__Task to carry out__
Would it be possible to output exactly, and only, the lines below from the one holding "Tichý chod aj" to the last line, both included, with every picture left out?

__Task data__
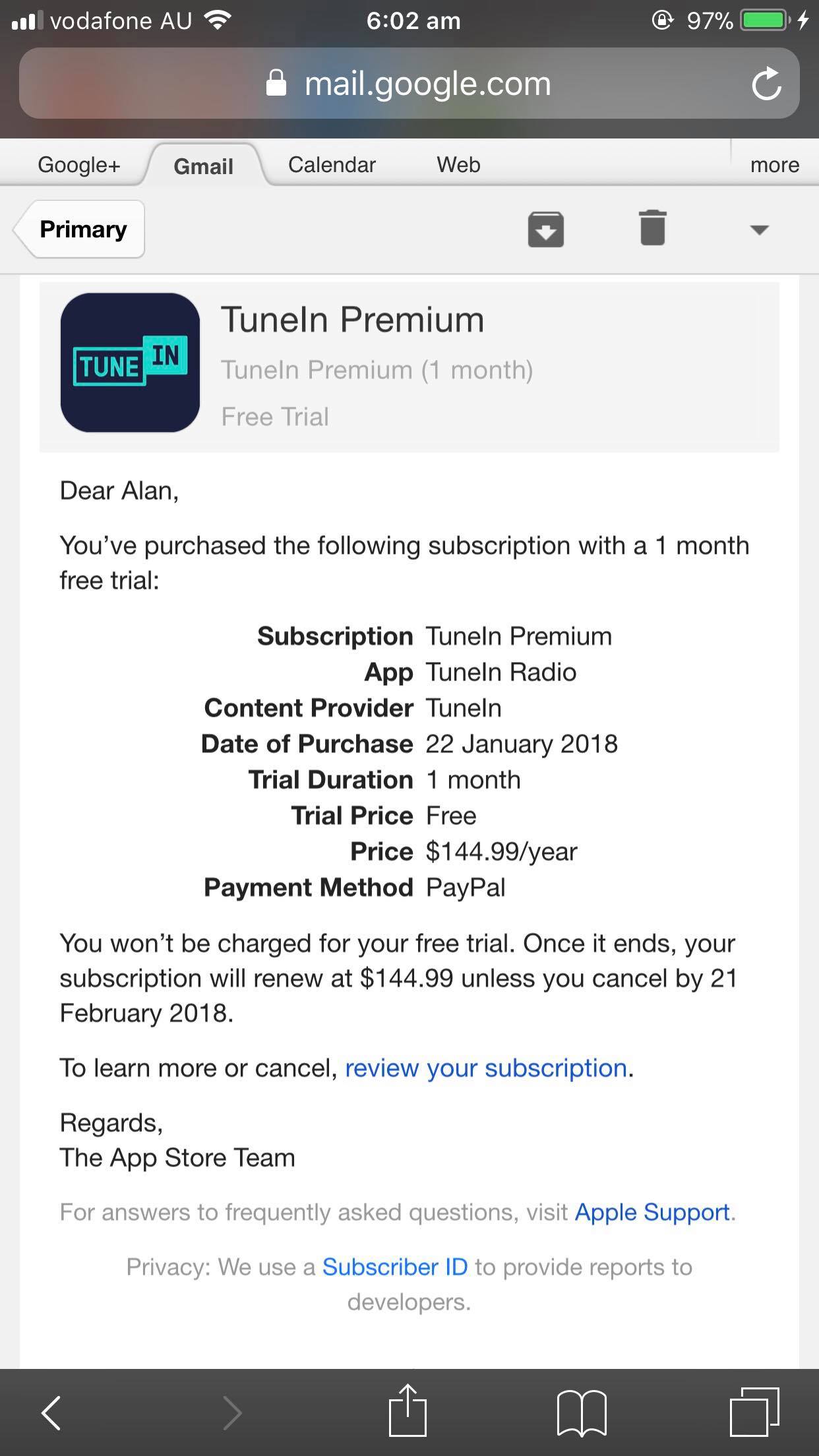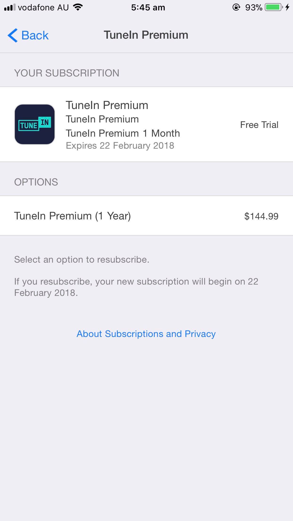 I recently installed the TuneIn radio app and accidentally signed up for a 1 year premium subscription with 1 month free trial as I had Touch ID enabled. What I want to know is if I've successfully cancelled the subscription and prevented the charge of $144.99 from occurring after this free trial ending on the 22nd of February?
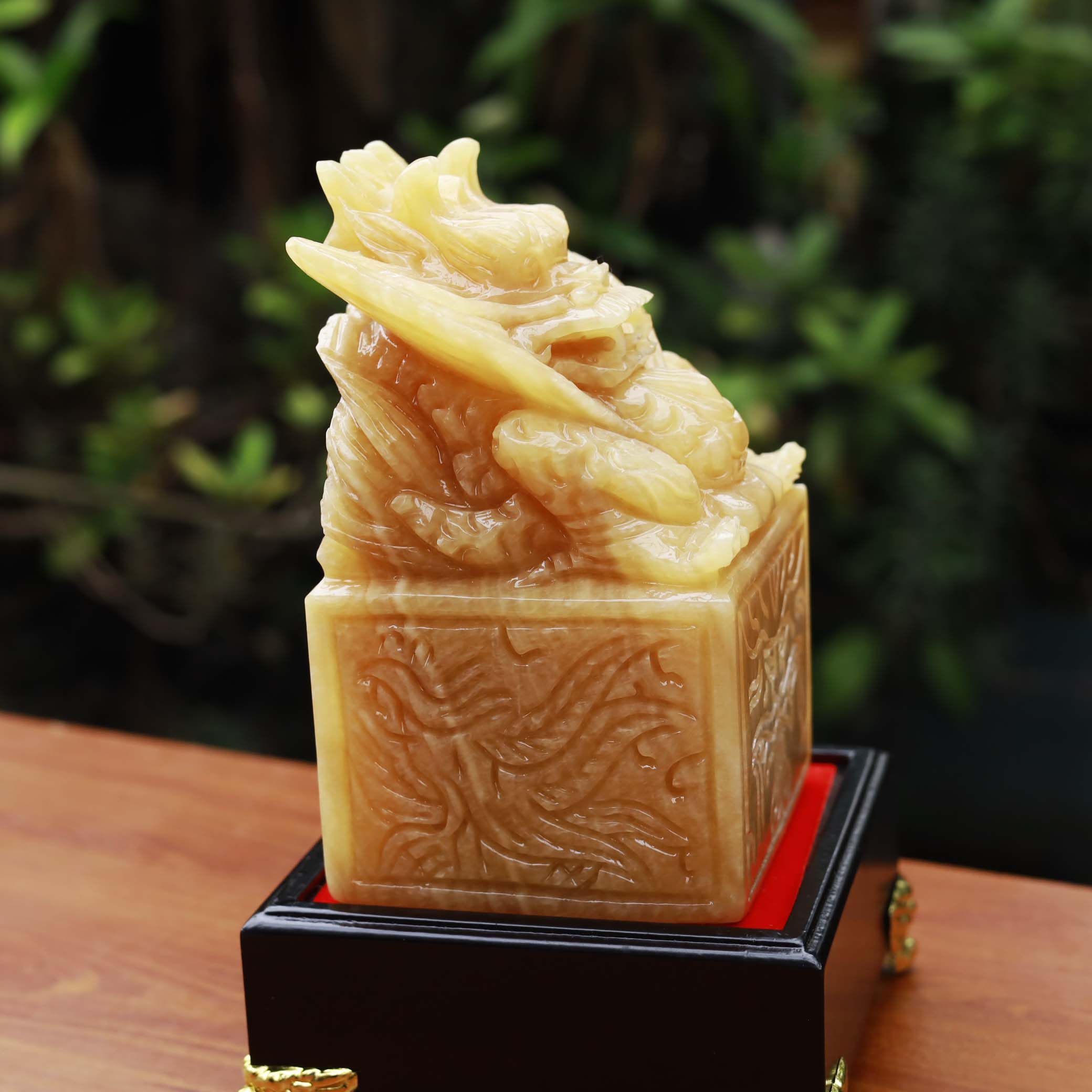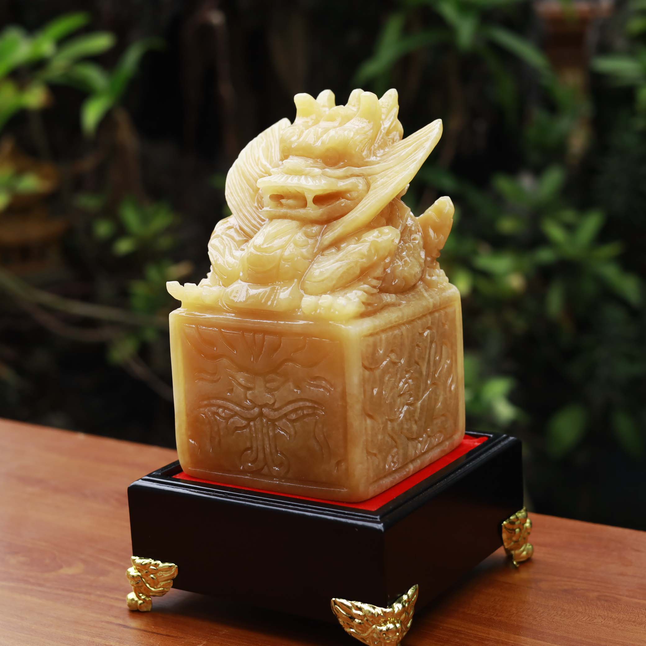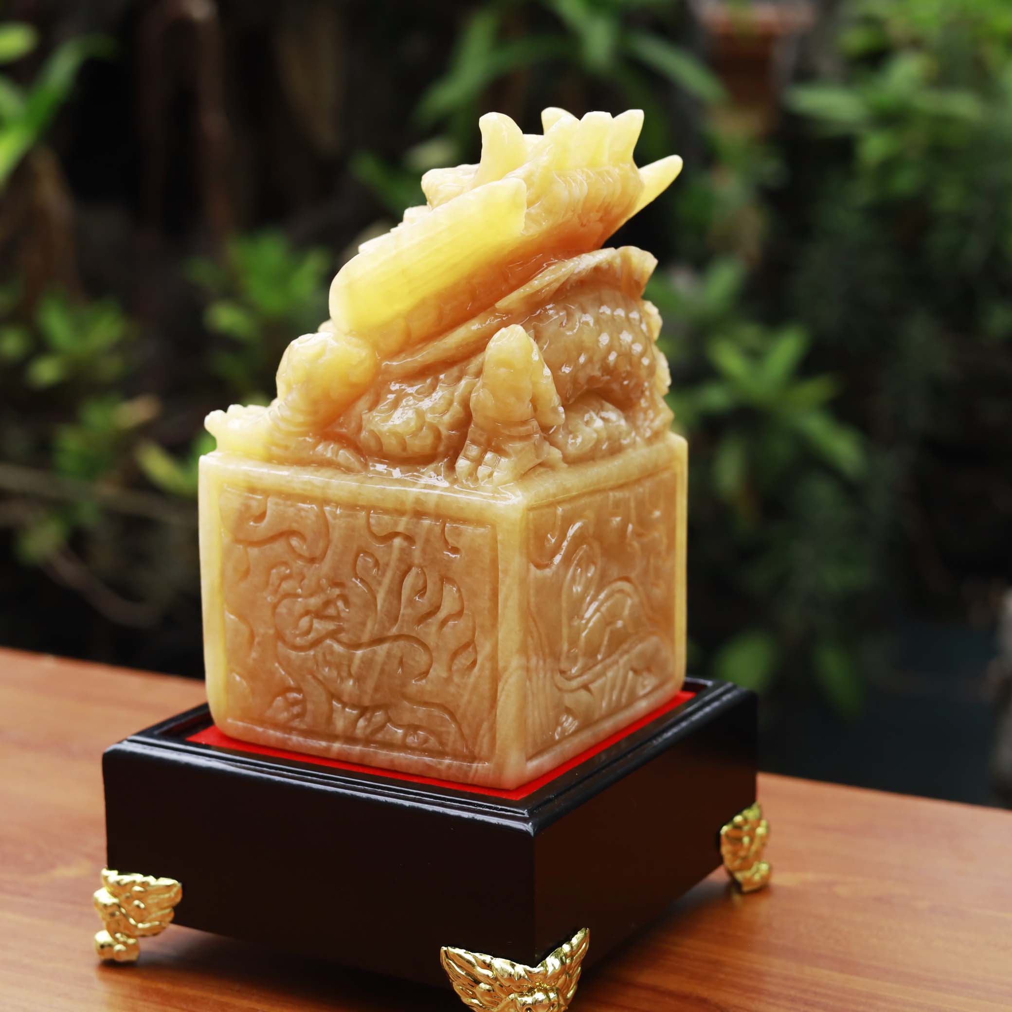 Ấn Rồng làm từ đá Ngọc Hoàng Long là loại đá được đánh giá rất cao về mặt phong thủy, được cho là có khả năng thu hút tài lộc, tạo nên sự thịnh vượng và hạnh phúc trong cuộc sống.
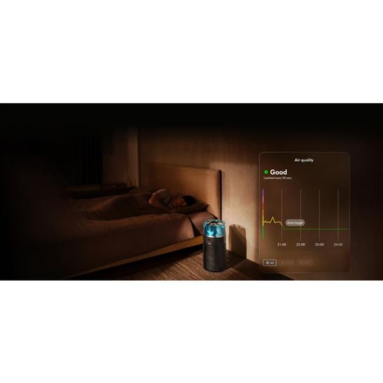 Tichý chod aj pri plnom výkone – iba 41 dB v maximálnom režime čistenia. Režim spánku pracuje pri hlučnosti len 26 dB a podporuje pokojný spánok.
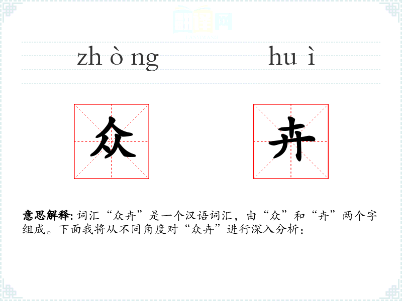 - “众”字在古代汉语中就有“多”的意思,而“卉”字则一直指代草本植物。
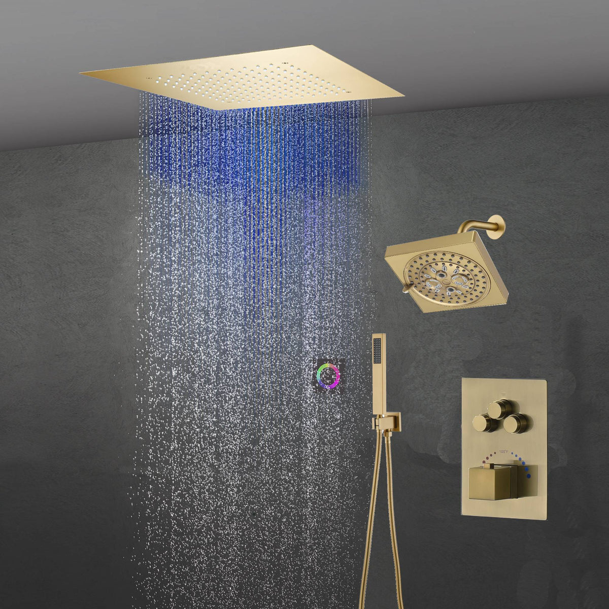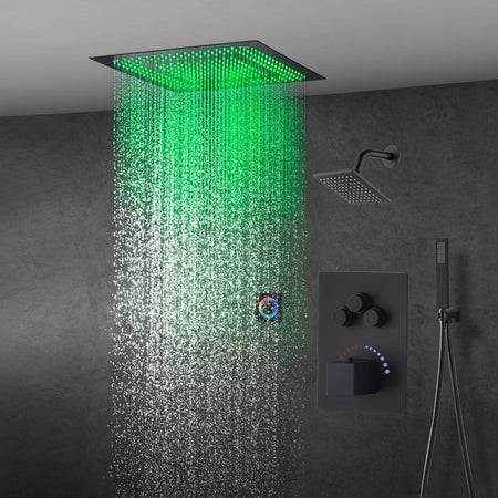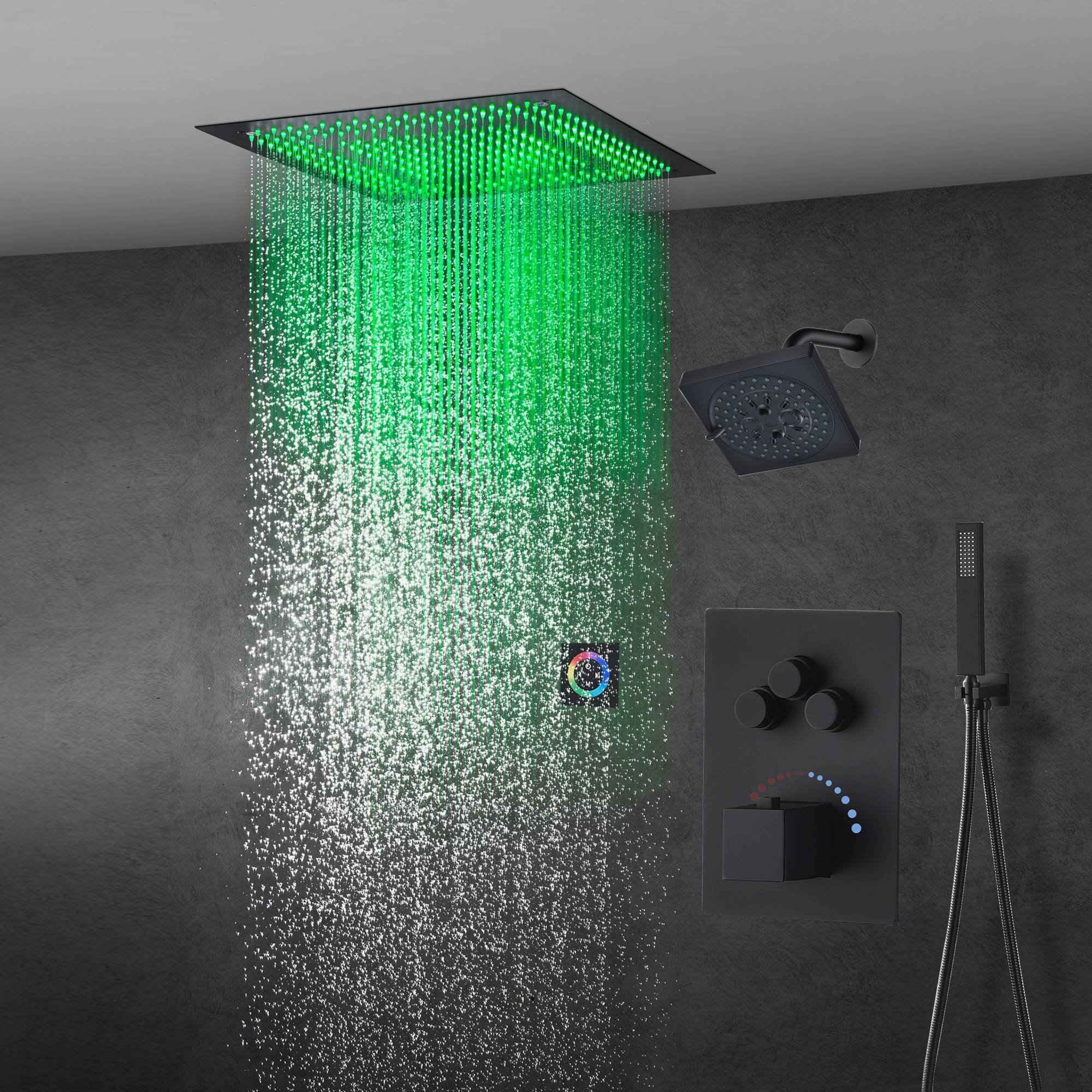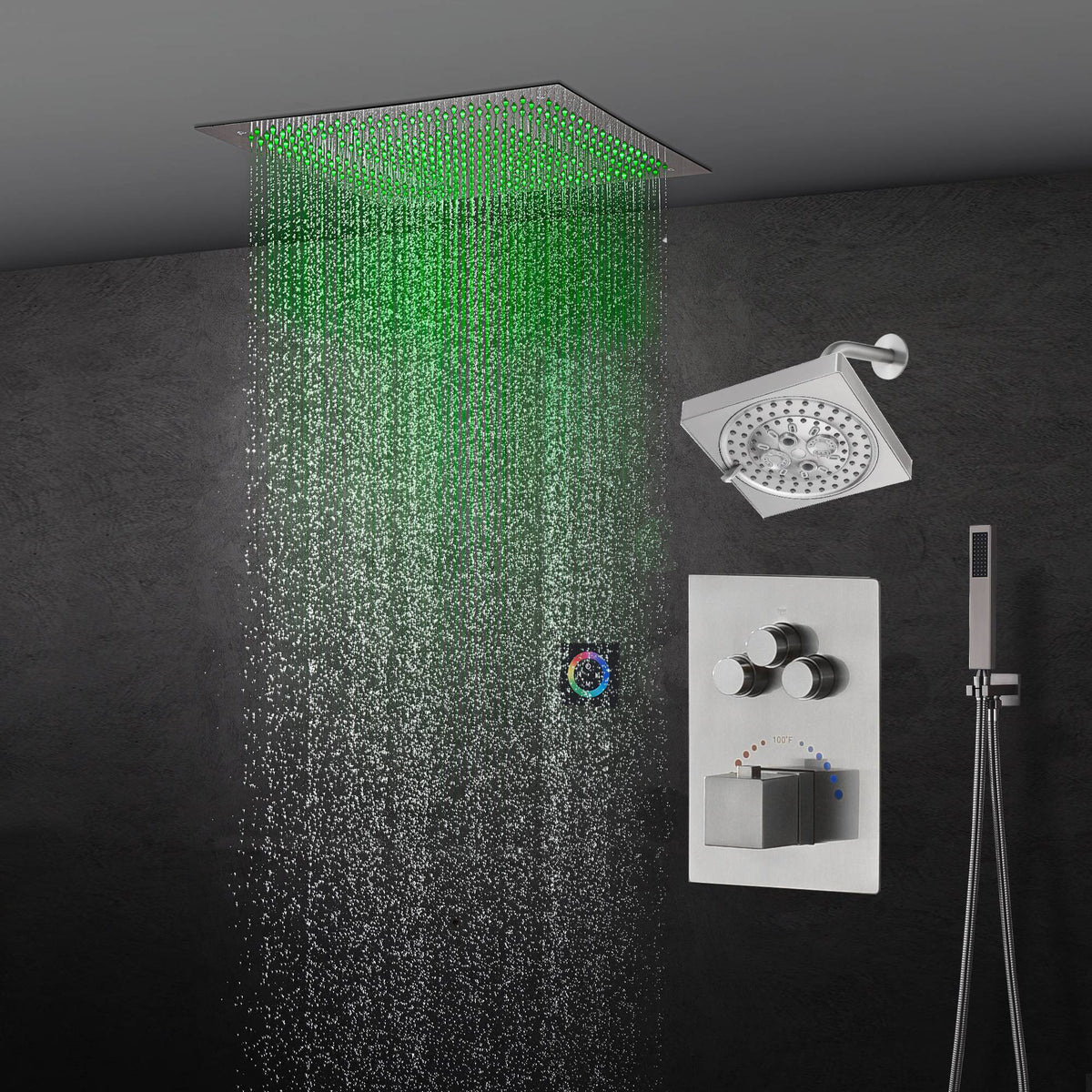 6" Wall Mount High Pressure Shower Head with 20" LED Rainfall Head in 3-Way Thermostatic System

__Problem solution__
 Tichý chod aj pri plnom výkone – iba 41 dB v maximálnom režime čistenia. Režim spánku pracuje pri hlučnosti len 26 dB a podporuje pokojný spánok.
 - “众”字在古代汉语中就有“多”的意思,而“卉”字则一直指代草本植物。
 6" Wall Mount High Pressure Shower Head with 20" LED Rainfall Head in 3-Way Thermostatic System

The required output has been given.